Operations responsibilities 1) Provide day to day monitoring of network resources and conditions 2) Manage (admin) of those portions of the network that are designated as “in production”. This should be the majority of the network. 3) Provide communications and coordination of network maintenance 4) Maintain an active inventory of all operational (production) sites, site hardware, and site access information. 5) Maintain and manage all production site device configurations and config change management. 6) Coordinate implementation of new functionality introduced by the Development department with appropriate monitoring, end-user communication, etc 7) Recommend topics and technologies to be explored by the Development team to enhance operational stability and delivery of new features to the network. 8) Document technologies, methods, and tools selected for use (and why) from an operational standpoint. 9) Maintain an active inventory of spare hardware to support all sites. 10) Establish a plan to correct ALL key site failures within XXXX days. 11) Coordinate with Development to actively inject and test network failures and redundancy capabilities. 12) Coordinate with Development to enhance HamWAN’s ability to operate in “pockets” when portions of the network fail in an earthquake – i.e. – each “island” stays operational with as many services as possible
Development responsibilities 1) Continued exploration of new hardware, software, and network management tools (Quagga vs BIRD, Metals vs QRTs, etc) 2) Conduct experimentation with new hardware and software on separate network resources where possible, or in coordination with Operations on the larger network (more on this below). 3) Document technologies, methods, and tools explored and indicate pros/cons of each where possible. 4) Continued exploration, analysis, and documentation of available antenna and shielding designs 5) Exploration of new antenna designs and/or other hardware? 6) Exploration of new frequencies and how they are affected by terrain, vegetation, weather, etc 7) This particular list can go on FOREVER
The distinction here is largely mental, but it’s important. It is entirely probable to have the same people in both groups, yet having the separation is important if HamWAN wishes to be taken seriously as a services provider to the EMCOMM community. Any benefits from that would also improve service for ALL HamWAN users.
Having EMCOMM onboard is important. Not only does it provide a needed service to them, but if critical mass can be achieved it gives HamWAN access to multiple sites in every city and county. In turn though, HamWAN as a network needs to be reliable in the “customer’s” eyes. This means that infrastructure is managed with uptime as the highest priority, experimentation is managed to minimize adverse production impacts, and equipment failures are identified and corrected quickly.

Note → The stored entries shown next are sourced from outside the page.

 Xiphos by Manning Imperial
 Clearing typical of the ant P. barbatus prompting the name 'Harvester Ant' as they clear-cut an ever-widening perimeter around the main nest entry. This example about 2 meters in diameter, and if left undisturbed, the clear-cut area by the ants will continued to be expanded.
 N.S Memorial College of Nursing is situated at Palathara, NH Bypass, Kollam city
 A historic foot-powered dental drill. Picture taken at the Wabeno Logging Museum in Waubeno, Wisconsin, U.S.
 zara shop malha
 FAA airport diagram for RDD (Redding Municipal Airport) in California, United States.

This is admittedly a fair amount of work. Much of it I suspect is already underway – maybe not just quite in this format. Additional help will definitely be useful. Everyone involved only has so much time available, and they should be able to focus on those items that are important to them. I believe the above framework (or something similar) begins to put some useful structure in place that continues to shape HamWAN from being the “wild west” of amateur and network “geek” exploration into the reliable, commercial grade, disaster resistant, amateur platform it envisions to be - while still allowing amateurs to push the limits of technology like they are meant to.
If the above (or something similar) is of interest to the current directors and group as a whole, we can easily create a similar worklist that individuals on the sidelines can start picking things they can help with to help bring about.

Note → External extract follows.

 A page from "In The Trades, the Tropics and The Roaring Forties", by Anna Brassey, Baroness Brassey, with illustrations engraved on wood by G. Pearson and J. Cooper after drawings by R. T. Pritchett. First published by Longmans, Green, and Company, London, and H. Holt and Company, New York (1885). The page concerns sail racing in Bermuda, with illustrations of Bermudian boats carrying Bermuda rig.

Just ideas. Not saying they’re perfect, but it’s a start. Any other thoughts?
Cheers, Rob Salsgiver – NR3O
From: PSDR [mailto:psdr-bounces@hamwan.org] On Behalf Of Bart Kus Sent: Friday, March 11, 2016 12:56 AM To: psdr@hamwan.org Subject: Re: [HamWAN PSDR] Service Impact Notice
Hmm that's not the whole story though. If it were just the 1 router failure (in reality a hypervisor failure), we'd be in a much better position, but it's combined with 2 other modem failures. We had the ETiger->SnoDEM modem die over the winter, and it needs replacement. That link has been down for a month or more now. And most recently we're having the Tukwila->Baldi modem lose connectivity frequently. We've implemented an automatic mitigation for that, but it still produces sporadic short downtime windows of a few minutes. I'd just like to move that modem to a NetMetal 5. Our servers are also being affected by instability in the Quagga routing software. We need to replace this with a more stable alternative, like BIRD. Lastly, the Baldi emergency uplink is only configured to go to Westin and Corvallis, but not Tukwila.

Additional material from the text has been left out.